# Breeding



## Chicky27x (Nov 4, 2009)

Hello. I have a kitten, Belle, born July 3rd 2009. Am interesting in breeding her. I was wondering what age she will come into season and when will be the best time, age etc to breed her.
Thank you x


----------



## lizward (Feb 29, 2008)

She will likely come into season in her first "spring" which, depending on her age now, could be as early as January. Five months is not unknown. it depends on the breed - what is she? As for the age to breed her, again it depends on the breed and on the individual cat. At least 8 months at mating, though.

Liz


----------



## princessx87 (Feb 26, 2009)

As Lizward has already said, It depends on the cat...

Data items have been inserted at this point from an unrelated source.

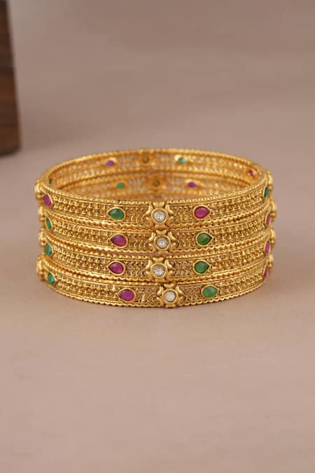Buy_SMARS JEWELRY_Gold Plated Stones, Crystals Studded Jaali Bangles-Set of 4_at_Aza_Fashions
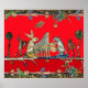 MEDIEVAL BESTIARY MAKING MUSIC,Rabbit,Dog ,Red Poster
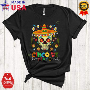 Cinco De Mayo Cute Cool Flowers Sugar Skull Wearing Sombrero Mexican Pride T-Shirt
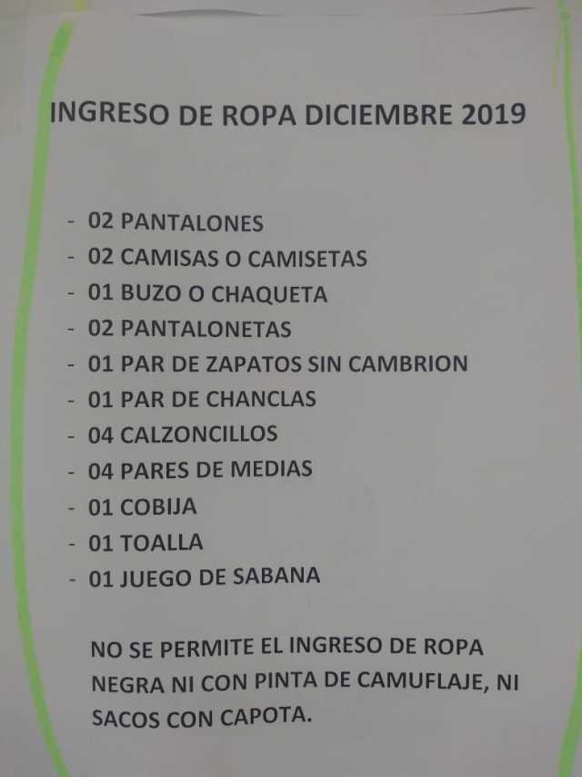 Agregó que se les daría la posibilidad a los denunciantes de entrar una parte de la ropa y que la otra la envíen por encomienda. O se analiza si se asigna otro día para el ingreso del vestuario que no se pudo entrar ayer.
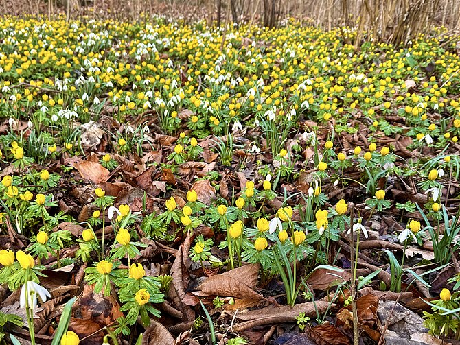 Mit dem Spaziergang durch den Hainpark sind Signale zu sehen, die den Frühling andeuten. Vermehrt sind es die Felder von Winterlinge, von Schneeglöckchen, die diese Signale aussenden.
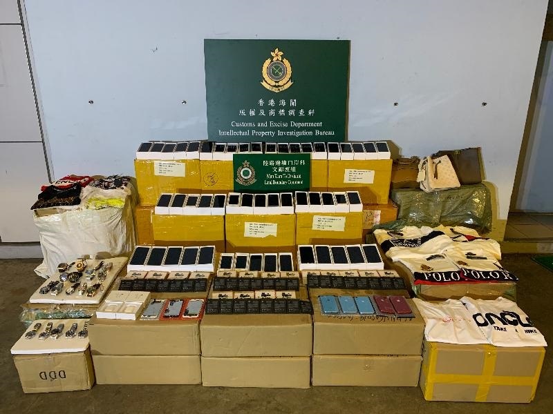 ​Hong Kong Customs seized a total of about 49 500 items of suspected counterfeit goods with an estimated market value of about $8.4 million in total at Man Kam To Control Point, Kwun Tong and Fanling on April 9 and yesterday (April 14).
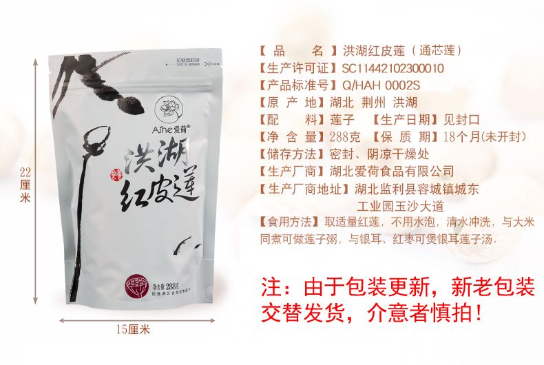 【严选】【有机莲子】爱荷洪湖有机红莲子288g去心钻芯红皮莲湖区农家新鲜干货手工筛选粉糯 288g(厂家直发)
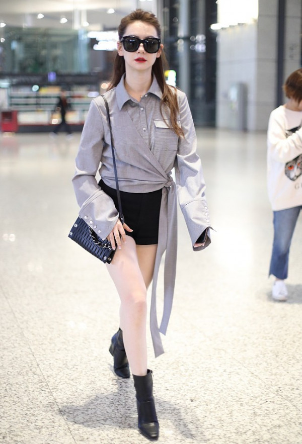 戚薇现身机场。当天她穿飘带衬衫秀长腿,展女王气场,机场煲电话粥,似与老公传情。
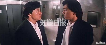 如果是一般人,表达完信念也就没事了。但爱因斯坦是超级伟大的科学家,神一样的人物,他不满足于只做口舌之争,打算按照科学规范,设计一个判决性的实验,以可验证的方式证明量子力学的错误。于是乎,1935年,爱因斯坦(Einstein)、波多尔斯基(Podolsky)和罗森(Rosen)提出了一个思想实验,后人用他们的首字母称为EPR实验。你可以制备两个粒子A和B的“圆”态,使得在这个状态中两个粒子的某个性质(如电子的自旋角动量、光子的偏振)相加等于零,而单个粒子的这个性质不确定。这样一对粒子称为“EPR对”,属于量子力学中的“纠缠态”,因为这两个粒子的性质不可分割地纠缠在一起了。然后你把这两个粒子在空间上分开很远,任意的远,然后测量粒子A的这个性质。好比你测得A是“上”,那么你就立刻知道了B现在是“下”。好比成龙电影《双龙会》中有心灵感应的双胞胎,一个做了某个动作,另一个无论有多远都会做同样的动作(在相反的方向)。问题是,既然A和B已经离得非常远了,B是怎么知道A发生了变化,然后发生相应的变化的?EPR认为A和B之间出现了“鬼魅般的超距作用”,信息传递的速度超过光速,违反相对论。所以,量子力学肯定有错误。 ![]() 成龙《双龙会》
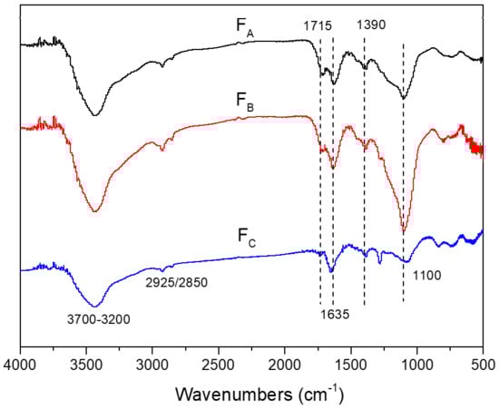 Figure 1 illustrates the fourier transform infrared (FTIR) spectra of HA fractions (FA, FB and FC). Generally, the spectra of HA fractions show the following bands: OH stretching vibration absorption at 3700–3200 cm−1, C-H stretching vibration absorption of aliphatic series at 2925/2850 cm−1, carbonyl C=O, aromatic C=C, hydrogen-bonded C=O, or COO asymmetrical stretch absorption around 1635/1715 cm−1, the symmetric COO band at 1390 cm−1, and C−O stretching vibration of phenol, alcohols, ethers and/or polysaccharides around 1100 cm−1 [,]. The relative peak intensities, which reflected the relative amount of each functional group, were different in the spectra of three fractions, indicating their different structural characteristics. Compared with FC, FA and FB showed relatively more intense bands at 1715, 1635, 1390 and 1100 cm−1, indicating that FA and FB contained high abundance of aromatic contents, carboxyl and phenolic functional groups.
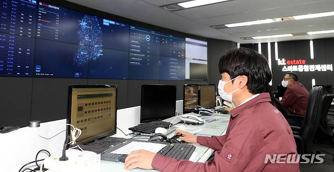 [성남=뉴시스] 추상철 기자 = 13일 오전 경기 성남시 분당구 KT 분당 사옥 내 KT에스테이트 스마트통합관제센터에서 직원들이 '스마트통합관제플랫폼을 통한 에너지 절감 및 안정적인 건물 관리' 및 'KT Cloud를 활용한 스마트통합관제' 시연을 하고 있다. 2021.10.13. scchoo@newsis.com

One of mine was 4 months old, And the other was 7 months.
Yet they was from the same breed line!

PS: Just to add, REALLY think about breeding, Not just because their is alot of cats and kittens needing homes.

But princess, My cat she took really bad to having kittens. She had a awful labour and lost her kittens twice!! My point is, Cat breeding isn't for the faint hearted! LOL xx

(Long story! lol )

Hope all goes well no matter what you choose


----------



## Taylorbaby (Jan 10, 2009)

to mate Id say the end of may next year min age, but she might not even call then could be later, remember to have all health tests done for the breed she is and Id start looking for a suitable stud now as its takes ages to find the best one compatible to your girl


----------



## Chicky27x (Nov 4, 2009)

Deleted....


----------



## sequeena (Apr 30, 2009)

Chicky27x said:


> Thanks guys and gals for your lovely replies.
> 
> Belle is 4 months old now and just a normal run of the mill moggy.
> She is beautiful.
> ...


Please don't breed anymore moggies there are too many in rescues


----------



## lizward (Feb 29, 2008)

Well, if you have a non-pedigree and you are letting her out and there are entire males next door, the question of when to breed her will be academic, she will get pregnant on her first season.

You should consider the possible costs first - chances are high of course that everything will go well, but if it doesn't and you end up with an emergency caesarean, you could be into four figures (depending on your vet's emergency charges).

Liz


----------



## Acacia86 (Dec 30, 2008)

If you allow her out to breed with these cats next door then you will be encouraging fights between the males.....and not just next doors.

Fights can be extreme, with serious wounds.

A queen will call......therefore attracting the males around the whole area. You will not know who she has bred with.

Can i ask why you wish to breed her??

And why your neighbour has not neutered the males?


----------



## Cat_Crazy (Jul 15, 2009)

Please re-consider this, there are so many kittens dying in rescue center's because there are not enough homes and bringing more kittens into this world simply takes homes away from the one's that are still waiting.

Please neuter your little girl and enjoy her for what she is!


----------



## waterlilyold (Aug 28, 2009)

Cat_Crazy said:


> Please re-consider this, there are so many kittens dying in rescue center's because there are not enough homes and bringing more kittens into this world simply takes homes away from the one's that are still waiting.
> 
> Please neuter your little girl and enjoy her for what she is!


I agree, if it's because you want a cute little kitten then the rescues are overflowing with them. Have you considered where the kittens will be rehomed or are you keeping them.
Your neighbour is contributing to the problem of unwanted and dumped kittens by allowing her toms to not be neutered 
There is simply not enough good and caring homes out there to just breed for your own gratitude the epidemic of kittens being dumped is proof of this.


----------



## Chicky27x (Nov 4, 2009)

Deleted....


----------



## sequeena (Apr 30, 2009)

No-one has been narky to you! We just don't understand why you want to breed your moggy and are willing to let your neighbours cats do the deed!

I love moggies, I have one myself but there are far too many being bred and ending up in shelters!

No idea why you're being so defensive unless we hit a nerve!


----------



## Chicky27x (Nov 4, 2009)

Deleted....


----------



## sequeena (Apr 30, 2009)

Chicky27x said:


> I want to breed my beautiful cat because i repeat myself we cannot have kids. As i said we live on a 30 acre farm and our neighbours are miles away. What she does with her cats is her business. She has no reason to give them the chop when there no cats for miles except mine. I also work for a charity in my spare time and foster those unwanted cats. You didnt hit a nerve by the way!


I understand this!

But you also have to understand (which I'm sure you do as you work for such a charity) there are hundreds, if not thousands of cats and kittens in rescues because nobody wants them.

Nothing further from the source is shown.